Some controversies are perennials. A nice letter from Style reader Robert Cole talks about the "rule" about the use of which and that: which for non restrictive clauses and that for restrictive clauses. He tells us that "as one who was raised to honor the rule (among many others), whenever I see [the rule] violated, I see a warning flag." Mr. Cole's problem is that of many writers, and Rosie, especially when she is wearing her copy editor's hat, has also noticed that which and that are often used interchangeably.

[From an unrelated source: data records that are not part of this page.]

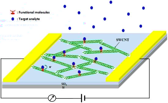 The CNT sensing mechanism has been extensively discussed by Fennell et al. [24]. Briefly, the absorption of analytes onto the CNT surface can change the conductance via the following factors (Figure 4): modulation of the Schottky barrier at electrode-CNT junctions, charge transfer between and CNT and the analytes, and increases in the CNT–CNT junction distance. For example, CNTs are p-type semiconductor under ambient conditions. The electrons donated into the valence band of CNTs by absorption of analytes will result in a decrease of hole concentration, causing a decrease in conductance. Conversely, electrons withdrawn from p-type SWCNTs will lead to an increase of the hole concentration in the CNT, resulting in an increase in conductance. The conductance change can also result from reducing the CNT charge mobility by introducing scattering sites. If some analytes are absorbed on the CNT-metal interface, the conductance might change by modifying the Schottky barrier. Because individual CNTs are not long enough to form conducting channels, the conducting channels are generally formed via connection by many CNTs. If the analytes are absorbed on the intertube junction, the conductance of CNTs can also be changed by disturbing the intertube junctions.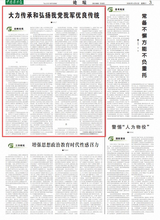 我党我军优良传统是时代的产物,也是实践的结晶。大力传承和弘扬我党我军优良传统,必须不断探索践行路径、丰富形式载体、提升实际成效,切实把优良传统根植于心、熔铸于魂,为新时代强军事业提供不竭精神动力。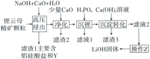 锂云母精矿颗粒$\xrightarrow[高压浸出]{NaOH+CaO+H_{2}O}$滤渣1主要含铝硅酸盐和Y$\xrightarrow[少量CaO]{净化}$滤渣2$\xrightarrow[沉锂]{H_{3}PO_{4}}$滤液1

Even if we don't agree with the "rule," it seems to Rosie that following it makes it easier to write without repeating the same word too many times. Rosie, like Mr. Cole, likes the nice distinction between which and that, but we will both probably have to repress our shudders. The new Fowler's (1996) quotes the 1926 edition of Fowler's which tells us "... if writers would agree to regard that as the defining relative pronoun, and which as the non-defining, there would be much gain both in lucidity and in ease. Some there are who follow this principle now; but it would be idle to pretend that it is the practice either of most or of the best writers."

Slightly different examples of how a writer (or speaker) should think carefully about the use, arrangement or the omission of a single word come to us from the New York Times this week. On Nov. 7, in an article describing Microsoft's efforts to lobby the powerful in Washington, there was the following sentence: "In June, Mr. Gates met for lunch with the Republican leaders of the House in the small whip's room off the House chamber." Rosie is sure Rep. Tom Delay would have preferred the sentence to read , "... the whip's small room ..."

On Nov. 11, the same newspaper described a meeting that candidate Bill Bradley had with some 50 senior citizens in Detroit. Writer Keith Bradsher reported that Bradley asked the members of his audience:

"How many of you take any drugs?' ... Mr. Bradley meant prescription drugs... Only five or six hands went up as his audience looked mystified.

"Mr. Bradley pressed on, saying the drugs 'cost too much money.' ..."

"'... I thought he was talking about dope addicts,' said John Curry, 93, a retired auto worker."

It's almost ludicrous how we can bewilder people with carelessness in our language.